Negli Usa sono andati nel panico, l'autrice de Il paese delle prugne verdi nessuno l'aveva sentita nominare, al contrario del Nobel per la pace Barack Obama, che ha lasciato sorpresi per altre ragioni e inaugura un nuovo trend: il Nobel sulla fiducia, per le buone intenzioni. Si potrebbe pensare che sotto i Nobel ci siano giochi di scommesse clandestine, così uno non indovina mai. L'altro ieri per il premio per la Letteratura, tra i rumors, qualcuno azzardava Vidal, qualcun altro Delillo, Oates, Munro, ogni anno l'eterno ritorno di Philip Roth. All'improvviso salta fuori il nome, e ognuno rimugina tra sé e sé: chi? Dal giorno dopo lo conoscono tutti, o almeno fingono, anche perché Google è a portata di mano. Come no, la Müller. Subito scatta un tripudio di cut and paste: «romeno-tedesca, appartenente alla minoranza degli Svevi nel Banato e nella Transilvania, quel ramo minoritario della più vasta famiglia degli Svevi del Danubio... ». Qualcuno sente male «Henry Miller? Non è morto?». Qualcun altro, sentendo Transilvania: «Certo che la conosco, è l'autrice di Dracula». «Non è la ragazzetta della Ballata delle prugne secche?». «Ma cosa dici, quella è Pulsatilla, la Müller è una grande... le prugne verdi... ».

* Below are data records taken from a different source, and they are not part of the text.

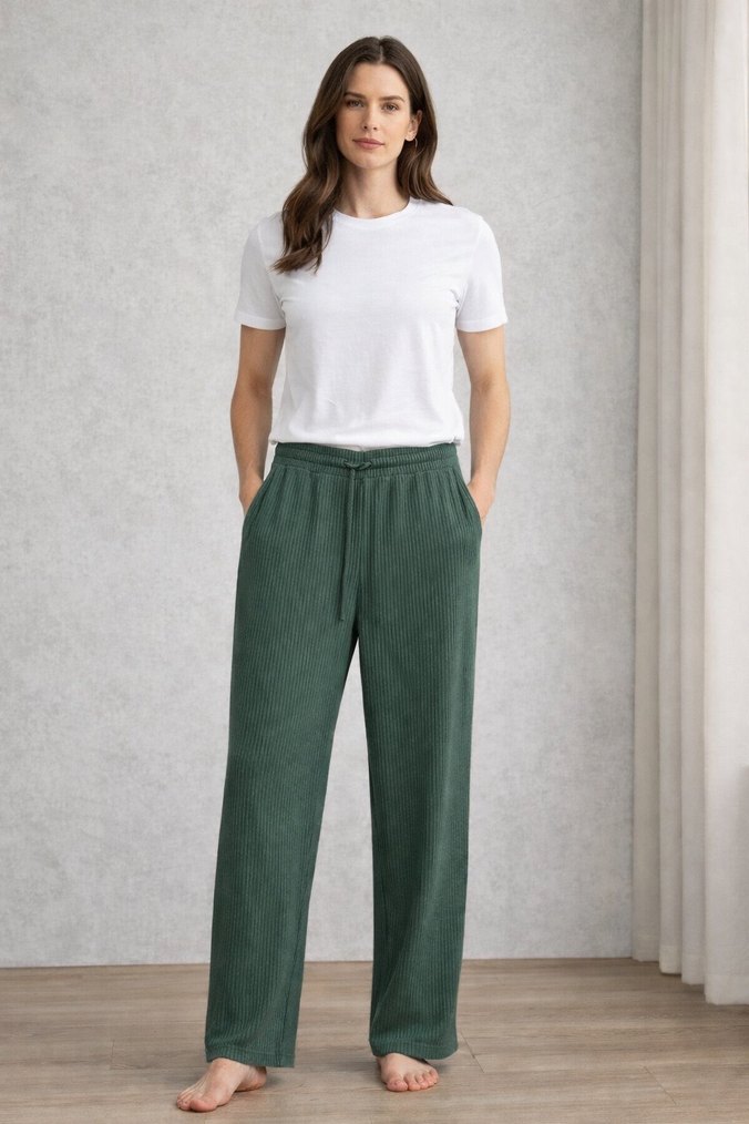 Kadın Yeşil Keten Rahat Kesim Pantolon
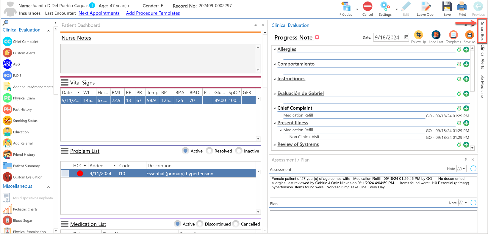 - El proveedor también podrá documentar, desde la sección de "Clinical Evaluation".
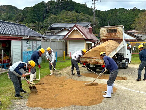 子どもたちが、安心して楽しく、遊んだり運動できるように、令和7年度国道56号下呉地歩道工事の担当職員たちががんばってくれました。
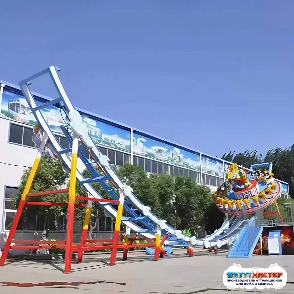 Детская летающая машина «Бешеный Размах» — это зрелищный семейный формат развлечений, который сочетает безопасность, динамику и высокую коммерческую эффективность. Конструкция длиной 22 метра формирует волнообразную траекторию движения, по которой кабина плавно перемещается, одновременно вращаясь вокруг собственной оси. Такое двойное движение создаёт ощущение настоящего полёта и лёгкой невесомости, при этом формат остаётся комфортным для широкой аудитории.
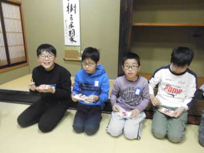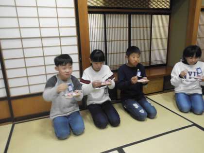 教わった食べ方に苦戦しながらも,みんなおいしそうに食べていました。
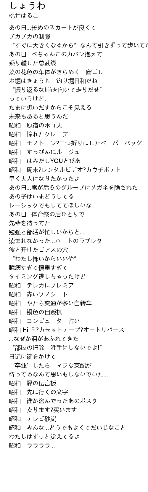| [04:21.38] | 昭和 みんな…どうでもよくてだいじなこと |

L'indomani l'importante è che ci siano ragioni edificanti, morali, civili, cose belle e buone da dire. L'Unità, il quotidiano femmina formato pochette fondato da Antonia Gramsci, per esempio, è felicissimo, e può titolare «Anche nella letteratura il Nobel è donna». Come l'utero, la letteratura è mia e me la gestisco io. Hanno elencato le altre nobelesse, la Greider, la Blackburn, la Yonath, con la dicitura «più belle, più intelligenti» (potevano non mettere le foto, almeno). E come se la Müller, lì all'Unità, se la fossero sempre spalmata sul pane a colazione, quasi fosse la Luxemburg. Con dei passaggi comici, imperdibili, dove si commenta come a Stoccolma «si certifica una rivoluzione avvenuta», quella delle donne, mentre da noi, a causa di Berlusconi «l'icona femminile sono la escort o altre declinazioni di un primitivo e perverso rapporto sesso-potere, nel mondo le donne vincono i Nobel». Comunque oggi il Nobel l'avrebbero dato a Anna Frank, non certo a James Joyce, a Marcel Proust, a Robert Musil, maschi stronzi e disimpegnati. Non più a William Faulkner o Samuel Beckett o a quel fascista di Pirandello, per non parlare di quel nazista antisemita di Céline, o a quel frivolo di Oscar Wilde. Anche il Manifesto gongola come meglio può, sebbene insomma lei, la Müller, si sia opposta alla dittatura di Ceausescu e sia scattata «la mordacchia del regime», un regime dall'altra parte del muro di Berlino, non certo della Nato, e però vàglielo a spiegare, al quotidiano comunista, ora sono diventati antitotalitari anche loro (anzi antitotalitarie, pardon). Emil Cioran se ne andò a scrivere in Francia, e niente Nobel. Gombrowicz in Sudamerica, e niente Nobel. Grandi opere, ma maschi e menefreghisti e non abbastanza minoritari.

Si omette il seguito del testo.